Give an example execution showing that the linearization point for enq() cannot occur at line 14[2]. Give another example execution showing that the linearization point for enq() cannot occur at line 15. Since these are the only two memory accesses in enq(), we must conclude that enq() has no single linearization point. Does this mean enq() is not linearizable?
1 class IQueue<T> {
2 AtomicInteger head = new AtomicInteger(0);
3 AtomicInteger tail = new AtomicInteger(0);
4 T[] items = (T[]) new Object[Integer.MAX_VALUE];
5 public void enq(T x) {
6 int slot;
7 do {
8 slot = tail.get();
9 } while (!tail.compareAndSet(slot, slot+1));
10 items[slot] = x;
11 }
12 public T deq() throws EmptyException {
13 T value;
14 int slot;
15 do {
16 slot = head.get();
17 value = items[slot];
18 if (value == null)
19 throw new EmptyException();
20 } while (!head.compareAndSet(slot, slot+1));
21 return value;
22 }
23 }
Listing 2: IQueue implementation
1 public class HWQueue<T> {
2 AtomicReference<T>[] items;
3 AtomicInteger tail;
4 static final int CAPACITY = 1024;
5
6 public HWQueue() {
7 items = (AtomicReference<T>[])Array.
newInstance(AtomicReference.class, CAPACITY);
8 for (int i = 0; i < items.length; i++) {
9 items[i] = new AtomicReference<T>(null);
10 }
11 tail = new AtomicInteger(0);
12 }
13 public void enq(T x) {
14 int i = tail.getAndIncrement();
15 items[i].set(x);
16 }
17 public T deq() {
18 while (true) {
19 int range = tail.get();
20 for (int i = 0; i < range; i++) {
21 T value = items[i].getAndSet(null);
22 if (value != null) {
23 return value;
24 }
25 }
26 }
27 }
28 }
Listing 3: Herlihy/Wing queue
2 Practice [Extra Credit 15 points]
Using a Linearizability Checker
A linearizability checker, as described by Jepsen Knossos, works as follows: Given a history of operations by a set of clients and some single-threaded model, attempts to show whether the history is linearizable with respect to that model.
Use the Knossos linearizability checker to evaluate the histories provided in Problems 1.6–1.8 above.
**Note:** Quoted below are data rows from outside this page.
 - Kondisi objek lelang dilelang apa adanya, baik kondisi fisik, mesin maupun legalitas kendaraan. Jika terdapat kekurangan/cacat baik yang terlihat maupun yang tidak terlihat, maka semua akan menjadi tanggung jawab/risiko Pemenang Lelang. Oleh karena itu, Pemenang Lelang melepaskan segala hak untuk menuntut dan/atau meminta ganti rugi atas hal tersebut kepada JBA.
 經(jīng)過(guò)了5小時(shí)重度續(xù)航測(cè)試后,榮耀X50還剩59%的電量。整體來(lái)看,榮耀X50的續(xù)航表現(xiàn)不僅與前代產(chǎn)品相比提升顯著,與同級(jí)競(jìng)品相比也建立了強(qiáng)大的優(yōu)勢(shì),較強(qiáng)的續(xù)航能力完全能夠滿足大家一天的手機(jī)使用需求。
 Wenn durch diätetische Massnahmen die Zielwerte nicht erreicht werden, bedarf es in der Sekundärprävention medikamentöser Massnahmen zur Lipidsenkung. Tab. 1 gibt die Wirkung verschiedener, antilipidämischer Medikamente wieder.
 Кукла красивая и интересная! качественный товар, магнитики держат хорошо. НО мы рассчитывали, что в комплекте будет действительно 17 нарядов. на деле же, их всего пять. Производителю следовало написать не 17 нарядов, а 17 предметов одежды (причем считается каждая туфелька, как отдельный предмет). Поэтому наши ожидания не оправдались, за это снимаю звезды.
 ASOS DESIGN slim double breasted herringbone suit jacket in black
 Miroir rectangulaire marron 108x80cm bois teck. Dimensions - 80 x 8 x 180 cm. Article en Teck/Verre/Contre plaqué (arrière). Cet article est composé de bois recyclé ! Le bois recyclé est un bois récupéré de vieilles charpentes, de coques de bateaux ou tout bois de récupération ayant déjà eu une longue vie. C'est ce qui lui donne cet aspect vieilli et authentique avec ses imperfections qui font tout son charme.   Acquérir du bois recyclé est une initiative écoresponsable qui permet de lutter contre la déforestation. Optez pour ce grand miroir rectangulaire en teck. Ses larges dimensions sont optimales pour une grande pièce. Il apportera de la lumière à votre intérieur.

To receive full-credit, you should run the checker as described in Knossos#as-a-library, and provide screenshots showing your inputs and the output of the tool. A README file has been attached to the assignment page that describes how to setup the library. Compare your answers to problems 1.6–1.8 and the checker’s output; is the outcome of the checker correct? Remember, the author of the checker doesn’t claim the checker to be correct and thus, you must verify the outcome by hand (which you should have already done in the Theory section).